Global Association of Divers for the Written Extension of Shorelines


Monthly Newsletter, March, 2027



Welcome:


Welcome to the monthly newsletter for the Global Association of Divers for the Written Extension of Shorelines. We are delighted to share in the narrative slippages and subsidence of coastal edges with you.

This newsletter includes an exciting announcement regarding the establishment of our new Bivalvic Allegiance Division (B.A.D.), as well as snapshots of research activities, opportunities for members, and upcoming events in your area. There’s lots to get stuck into, so please sink in as we host your collective attention towards the textual disturbances of tidal interventions.

It is the ambition of Global Association of Divers for the Written Extension of Shorelines (G.A.D.W.E.S.), to collectively narrate ongoing littoral shifts as a result of coastal stabilisation projects, changes in siltation due to up- and downstream expulsions, and the annexing of land-water in archi-aquatic subdivisions. Such narrative gestures do not aim at the re-stabilising of shifting shores or at a global uniformity of written edges. Instead, we at G.A.D.W.E.S. together problematise the construction of narratives fixed in the concrete footings and rebar fractals of ports, piers, and jetties. Through embodied positioning in the turbidities of submerged construction sites, limited vision due to resuspended sediment, and the felt effects of noise-intensities from underwater drilling into bedrock, our members write into the tactilities and grit of rearranged shores.

G.A.D.W.E.S. is a shared attempt at thickening coastal environments in accumulations of written narrative, to muddy the waters of textual edges. Written geographies of shorelines are contingent on fictional accounts of watery boundaries as secure, measurable, and fixed. Shorelines represent the graphic stabilising of territory into legislative policy. Such writing designates water as a global set of interconnected passageways that facilitate geographic imaginaries of conquest and capital. The myth of the land-water binary is undone by the shore, where tidal difference, erosion, and increasing coastal development change both the shape of the land, and the requirements of any narrative practice of writing land-water distinctions.

This global network is aimed at developing narrative techniques for writing liquid edges, where localised industries, ecologies, and materialities are churned by currents and eroded into particulate configurations of text, before being logged and analysed by our licenced members. Our member community is vast, and we welcome applications throughout the year.

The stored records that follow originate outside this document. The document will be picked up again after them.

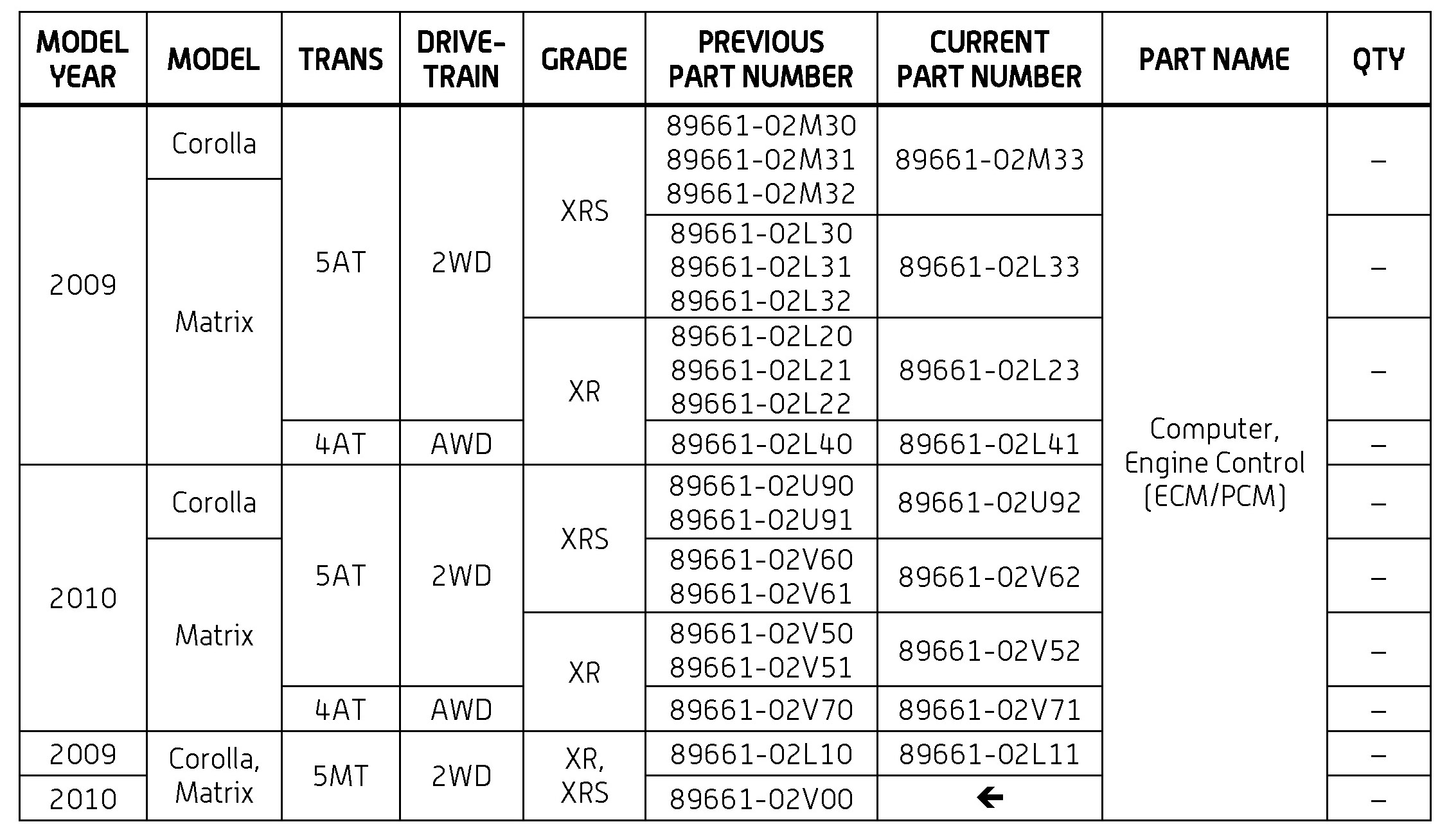'09-'10 Corolla; Matrix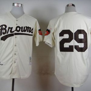 • Authentic MLB Mitchell And Ness 1953 Browns #29 Satchel Paige Cream Throwback Stitched MLB Jersey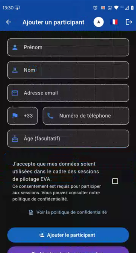 Depuis l'Accueil, cliquez sur "Ajouter un participant". Renseignez les informations - Votre client doit vous donner son autorisation pour la collecte de données : cocher le consentement, puis: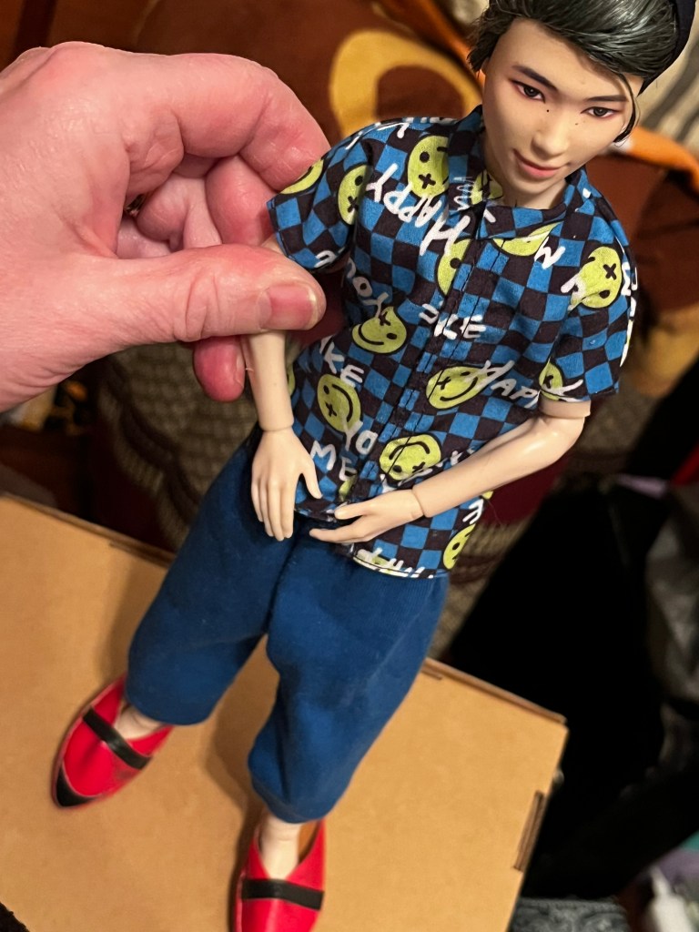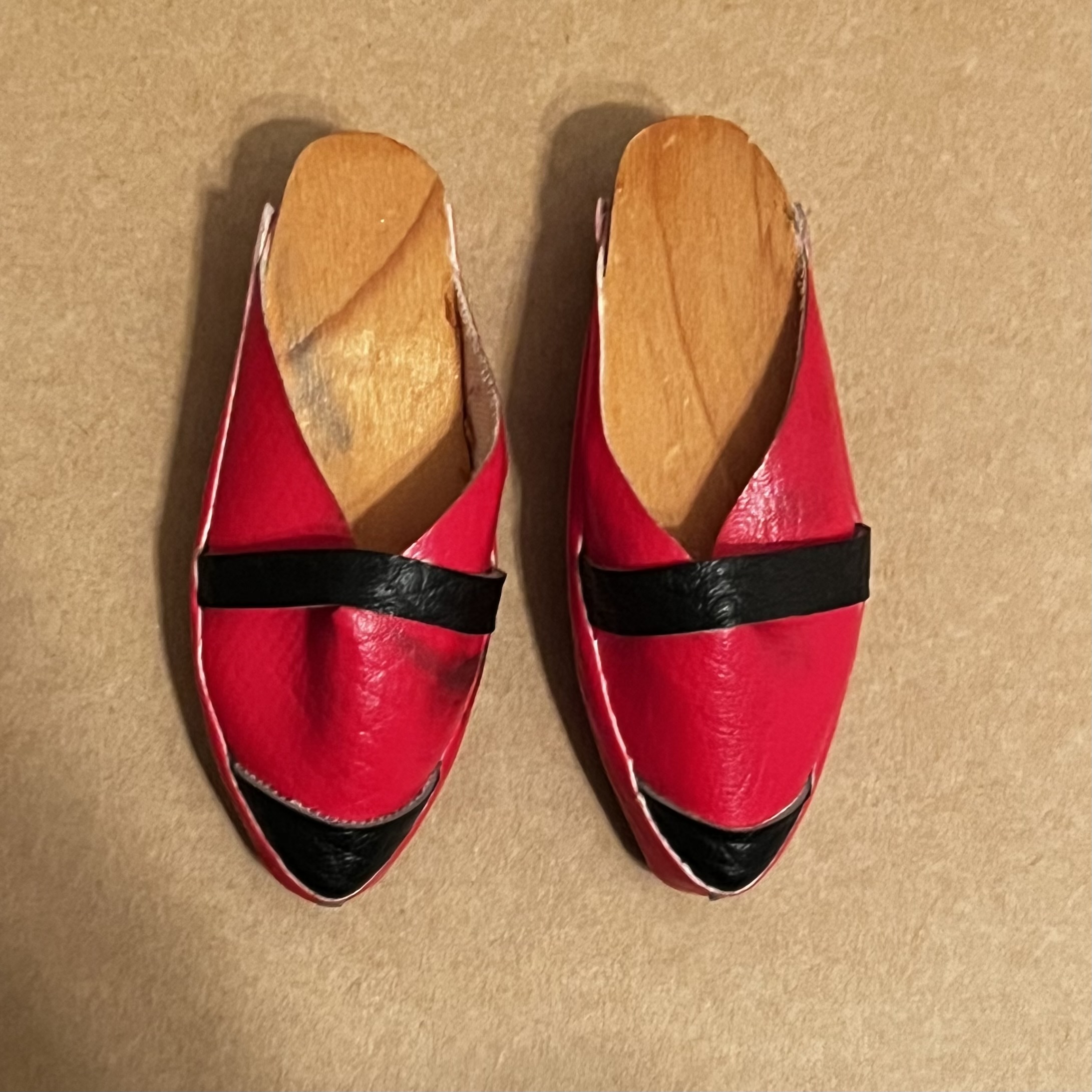 I got really excited when I spotted these red leather sabots hanging off a key chain. I hoped they would fit my shoeless RM from BTS, but alas they are too big.

Announcement: Bivalvic Allegiance Division



G.A.D.W.E.S. is thrilled to announce our newly established Bivalvic Allegience Division (B.A.D.).

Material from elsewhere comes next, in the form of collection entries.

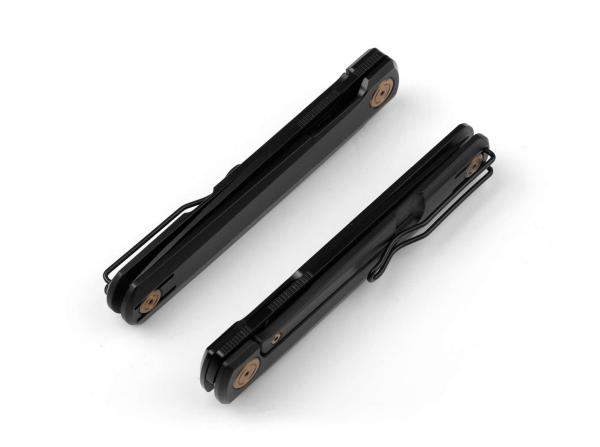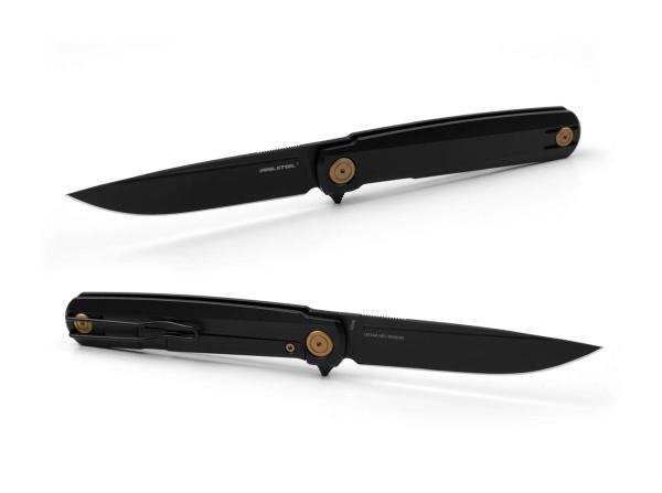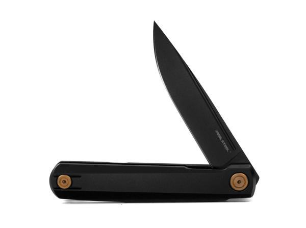 Real Steel G-Frame Titanium Black Gold preklopni nož dizajnirao je Ostap Hel, a odlično spaja dizajn u upotrebljivost. Kočnica je framelock tipa, drška je izu titana, a sječivo iz odličnog N690 čelika. Real Steel G-Frame Titanium Black Gold preklopni nož je opremljen kvačicom za džep koju je moguće postaviti s lijeve ili desne strane noža.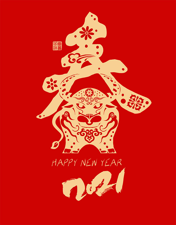 牛年春节剪纸艺术字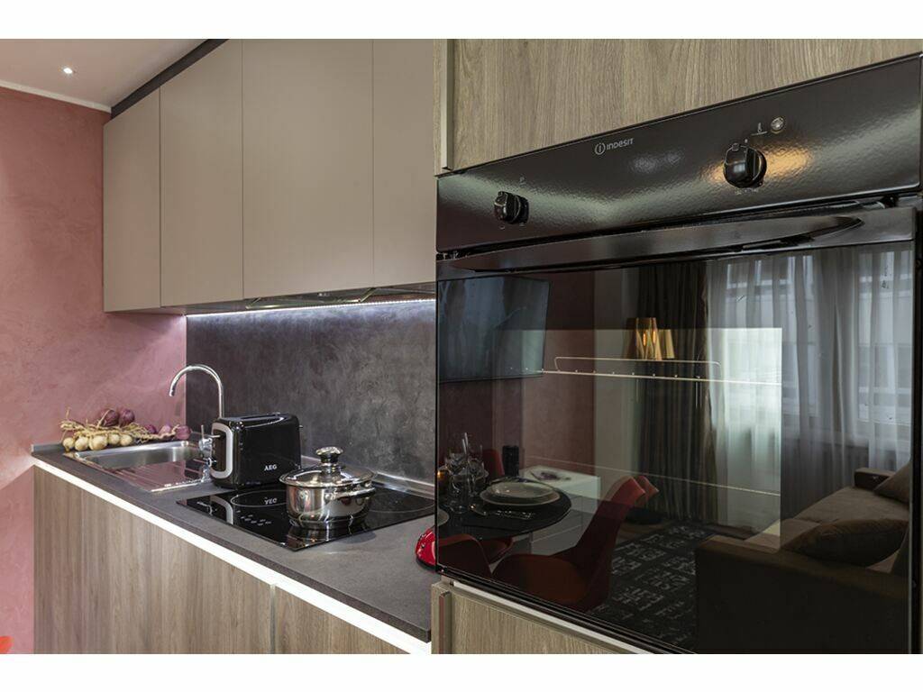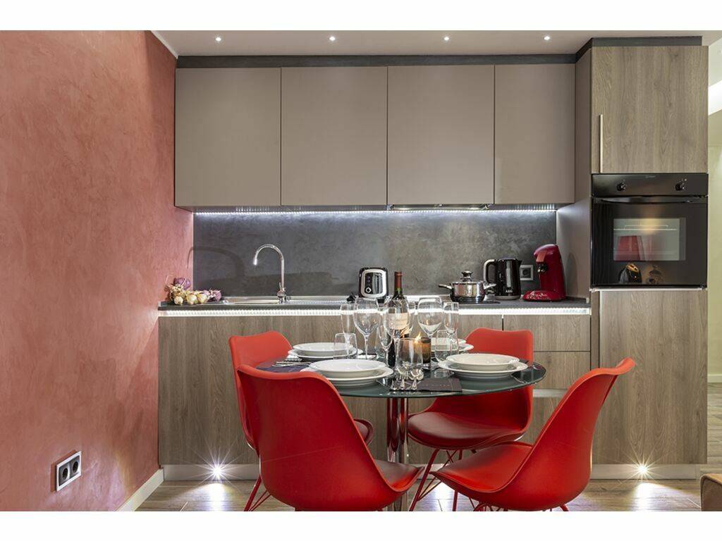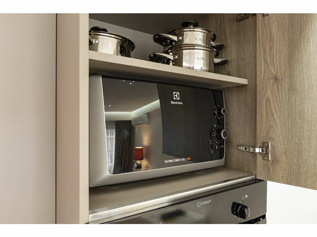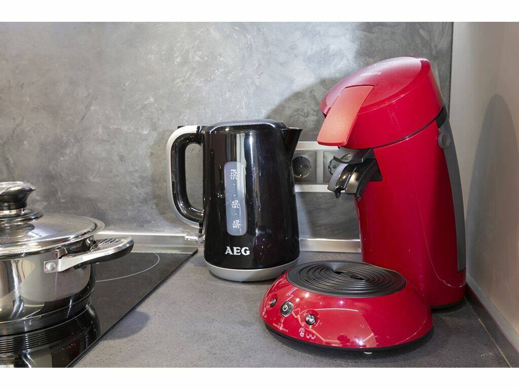 Einer voll ausgestatteten offenen Küche (Kühlschrank, Backofen, Kaffeemaschine und Küchenutensilien usw.)

B.A.D. is an arm of G.A.D.W.E.S. tasked with narrative collection through engagement with bivalve digestive processes, which masticate land-water borders. Working closely with bivalve communities buried in composite muds B.A.D. writes through the toxicities registered by bodies during periods of shoreline alteration. As bivalves are uniquely positioned within the benthic sediments that compose and recompose coastal ecologies, B.A.D. is a practical working group engaged in the recording and distribution of fine-grained narratives inscribed by deposit-feeders.

B.A.D. is particularly interested in the possibility of inhabiting border-politics differently, through an embodiment of toxic configurations produced during land-water developments. The B.A.D. arm of G.A.D.W.E.S. does this specifically through engagement with the digestive tracts of bivalves as a way of practicing shored-narratives as embodied sites of toxicity and turbidity.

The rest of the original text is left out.